论文标题
A-tucker:用于CPU和GPU的密集张量的输入自适应和无矩阵的塔克分解
a-Tucker: Input-Adaptive and Matricization-Free Tucker Decomposition for Dense Tensors on CPUs and GPUs
论文作者
论文摘要
塔克分解是分析和压缩大规模张力数据的最受欢迎的模型之一。现有的Tucker分解算法通常依靠单个求解器来计算因子矩阵和核心张量,并且不足以适应输入数据和硬件的多样性。此外,为了利用高效的GEMM内核,大多数Tucker分解实现都利用了显式的疗程,这可能会在数据转换和内存使用方面引入额外的成本。在本文中,我们介绍了A-Tucker,这是一个新的框架,用于对密集张量的输入自适应和无矩阵的塔克分解。提出了一种模式的柔性Tucker分解算法,以使因子矩阵和核心张量的不同求解器的切换,并应用机器学习的自适应求解器选择器以自动应对输入数据和硬件的变化。为了进一步提高性能并提高记忆效率,我们以完全无矩阵的方式实施了A-Tucker,而无需张紧器和矩阵之间的任何转换。各种合成和现实张量的实验表明,A-Tucker在CPU和GPU上的现有作品大大优于现有作品。

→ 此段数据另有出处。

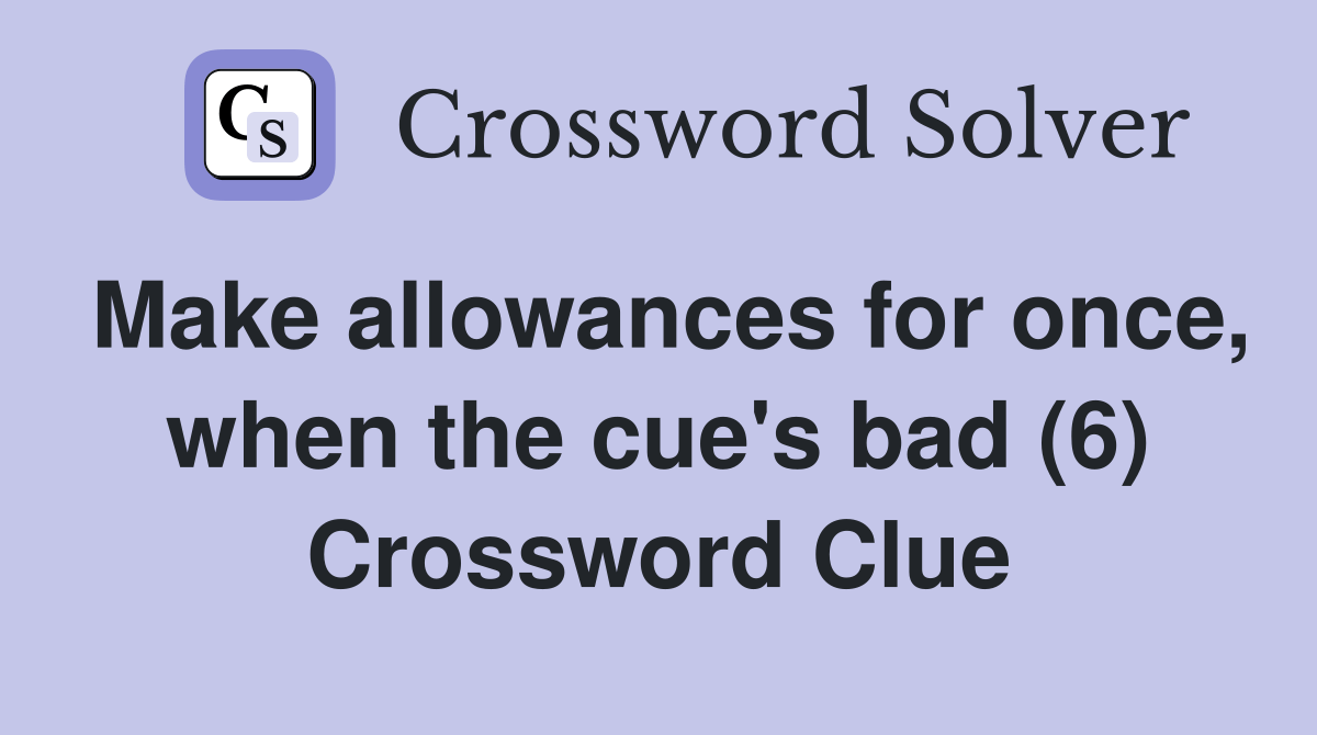 Make allowances for once, when the cue's bad (6) Crossword Clue Answers Crossword Solver
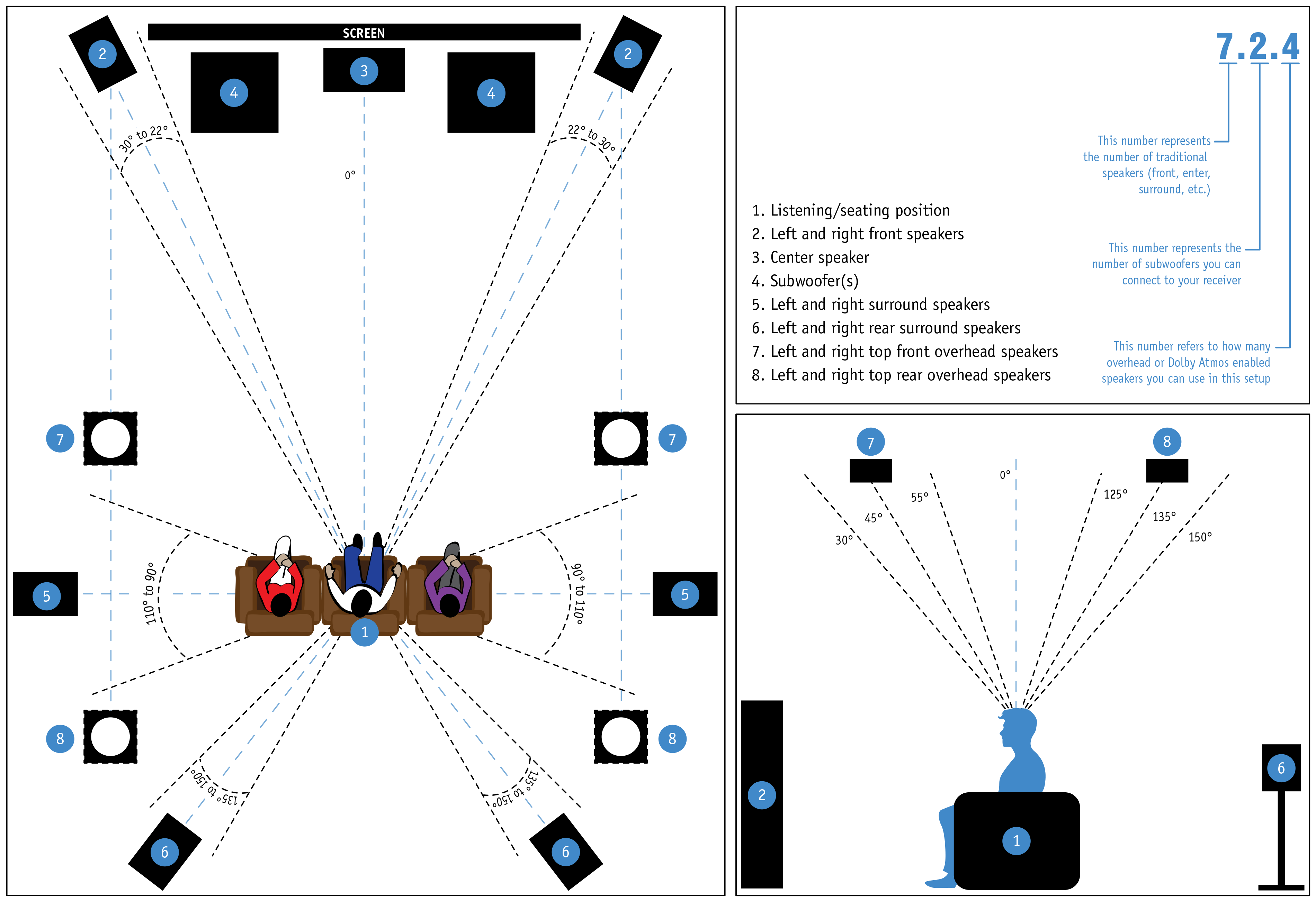 Tornando al Dolby Atmos, illustriamo di seguito come poterlo utilizzare al meglio, in modo da esaltarne le qualità e renderlo il più possibile godibile. Il miglior posizionamento, consigliato dalla stessaDolby Laboratories, è quello riportato nell’immagine qui sotto, di cui potete trovare un esempio fedelmente riprodotto nella nostra salahome cinemademo, presso lo showroomElysium a Busto Arsizio (VA).
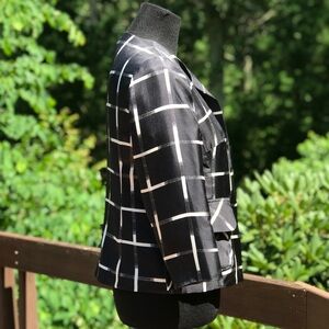 Pendleton luxurious, shimmering and satiny feel 100% silk jacket with two contrasting front pockets and open front design. Made by Pendleton.
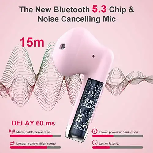 Эти беспроводные наушники — идеальный выбор для тех, кто ищет превосходное качество звука и удобство, разработанные для повышения качества вашей повседневной жизни. Благодаря технологии Bluetooth 5.3 эти наушники обеспечивают быстрое и стабильное соединение для непрерывного наслаждения музыкой. Внутриканальная конструкция идеально подходит для ваших ушей, блокируя внешний шум и максимально повышая впечатления от прослушивания музыки. Кроме того, усовершенствованный шумоподавляющий микрофон обеспечивает четкие и ясные телефонные разговоры.

Tucker decomposition is one of the most popular models for analyzing and compressing large-scale tensorial data. Existing Tucker decomposition algorithms usually rely on a single solver to compute the factor matrices and core tensor, and are not flexible enough to adapt with the diversities of the input data and the hardware. Moreover, to exploit highly efficient GEMM kernels, most Tucker decomposition implementations make use of explicit matricizations, which could introduce extra costs in terms of data conversion and memory usage. In this paper, we present a-Tucker, a new framework for input-adaptive and matricization-free Tucker decomposition of dense tensors. A mode-wise flexible Tucker decomposition algorithm is proposed to enable the switch of different solvers for the factor matrices and core tensor, and a machine-learning adaptive solver selector is applied to automatically cope with the variations of both the input data and the hardware. To further improve the performance and enhance the memory efficiency, we implement a-Tucker in a fully matricization-free manner without any conversion between tensors and matrices. Experiments with a variety of synthetic and real-world tensors show that a-Tucker can substantially outperform existing works on both CPUs and GPUs.